== Input data
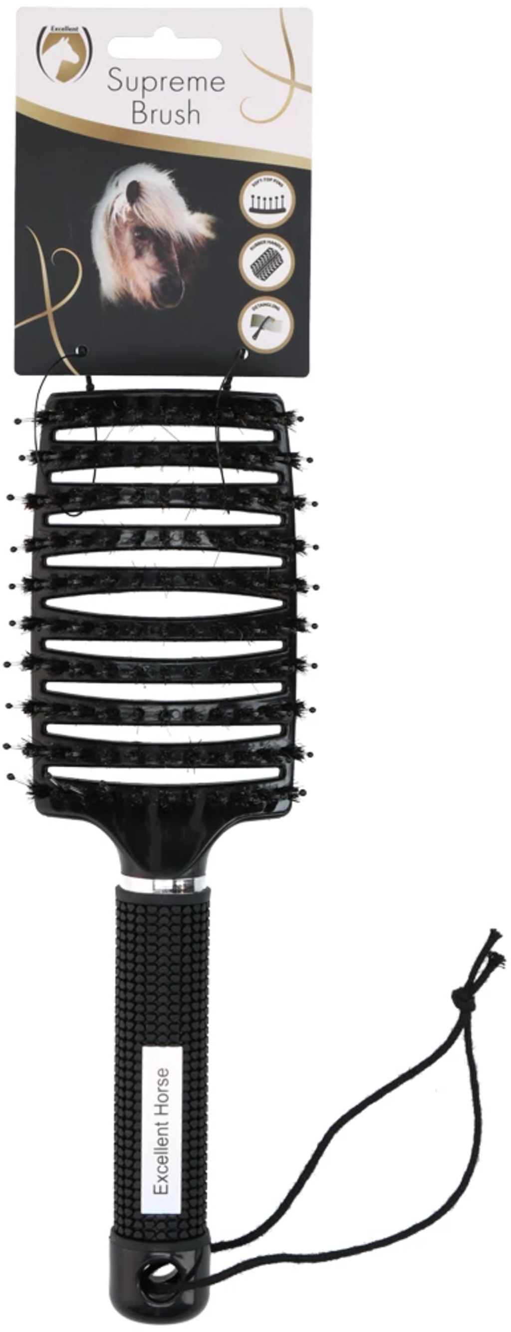Az Excellent Supreme Brush segítségével erőfeszítés nélkül érhet el fényes és ápolt megjelenést lova számára. Ez a speciális kefe eltávolítja a csomókat a farokból és a sörényből, valamint megelőzi a szőrvégek töredezését, így a szőrzet mindenkor ápolt marad.
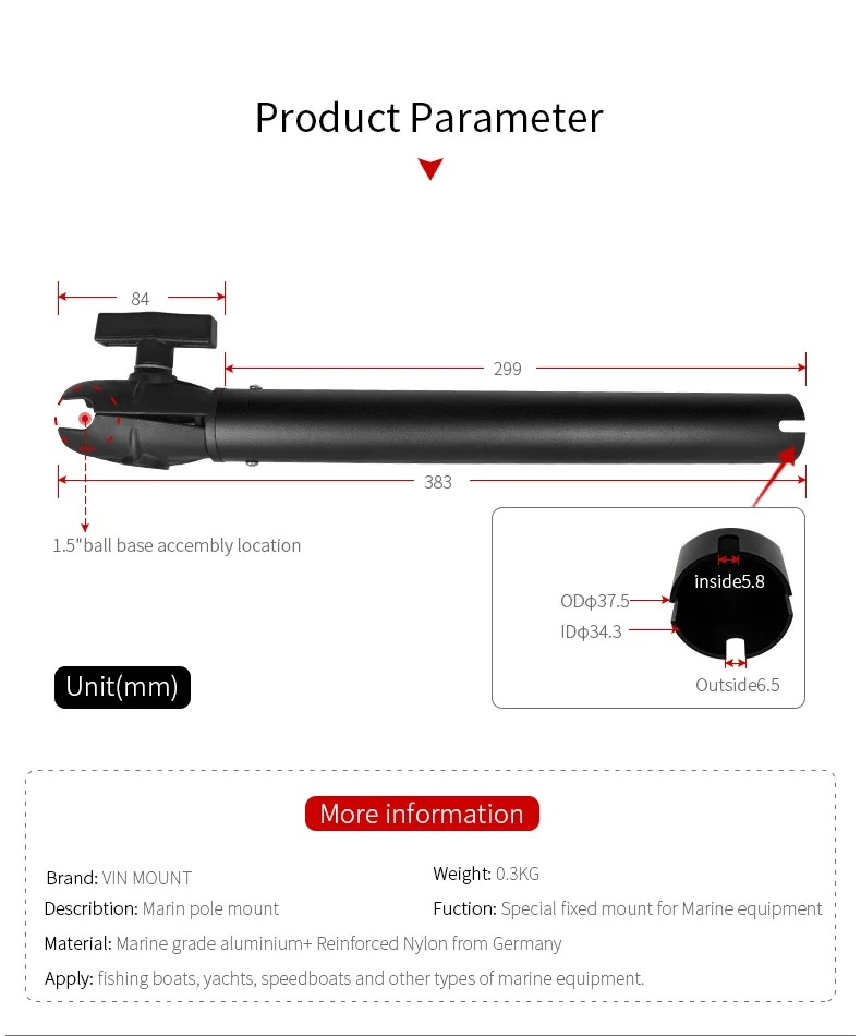 VIN mounts 11.8" Aluminium Tough-Pole Camera Mount for Fishfinder Navigation Boat Mount for Global Positioning System VIN-C-LVA
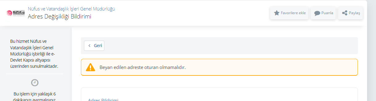 İkametgah olarak kirada oturduğum evi göstermek istiyorum, şu an ailemin oturduğu şehir gözüküyor. Bende şu anda oturduğum evin adres bilgilerini giriyorum ancak şöyle bir hata alıyorum. Yanlış yerden mi deniyorum? Konudan anlayan yardımcı olabilir mi?
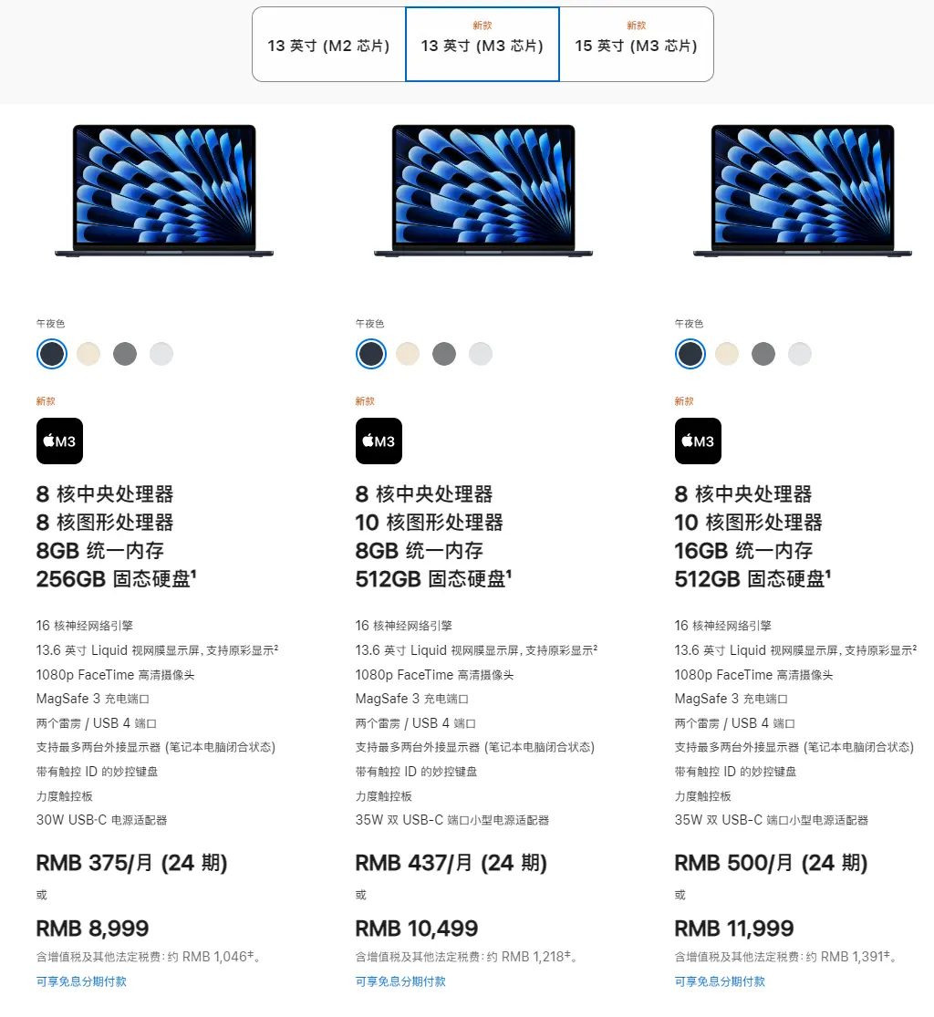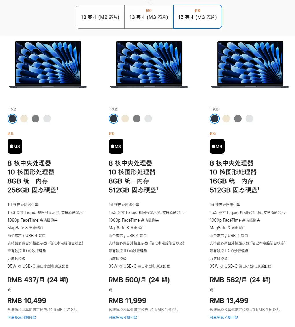 13 英寸 M3 芯片 MacBook Air 起售价为 8999 元,15 英寸机型起售价为 10499 元,最高可选购 24GB+2TB 版本。
====
Required work: Send back the data above verbatim, leaving out its pictures.

Exercise output:
Az Excellent Supreme Brush segítségével erőfeszítés nélkül érhet el fényes és ápolt megjelenést lova számára. Ez a speciális kefe eltávolítja a csomókat a farokból és a sörényből, valamint megelőzi a szőrvégek töredezését, így a szőrzet mindenkor ápolt marad.
 VIN mounts 11.8" Aluminium Tough-Pole Camera Mount for Fishfinder Navigation Boat Mount for Global Positioning System VIN-C-LVA
 İkametgah olarak kirada oturduğum evi göstermek istiyorum, şu an ailemin oturduğu şehir gözüküyor. Bende şu anda oturduğum evin adres bilgilerini giriyorum ancak şöyle bir hata alıyorum. Yanlış yerden mi deniyorum? Konudan anlayan yardımcı olabilir mi?
 13 英寸 M3 芯片 MacBook Air 起售价为 8999 元,15 英寸机型起售价为 10499 元,最高可选购 24GB+2TB 版本。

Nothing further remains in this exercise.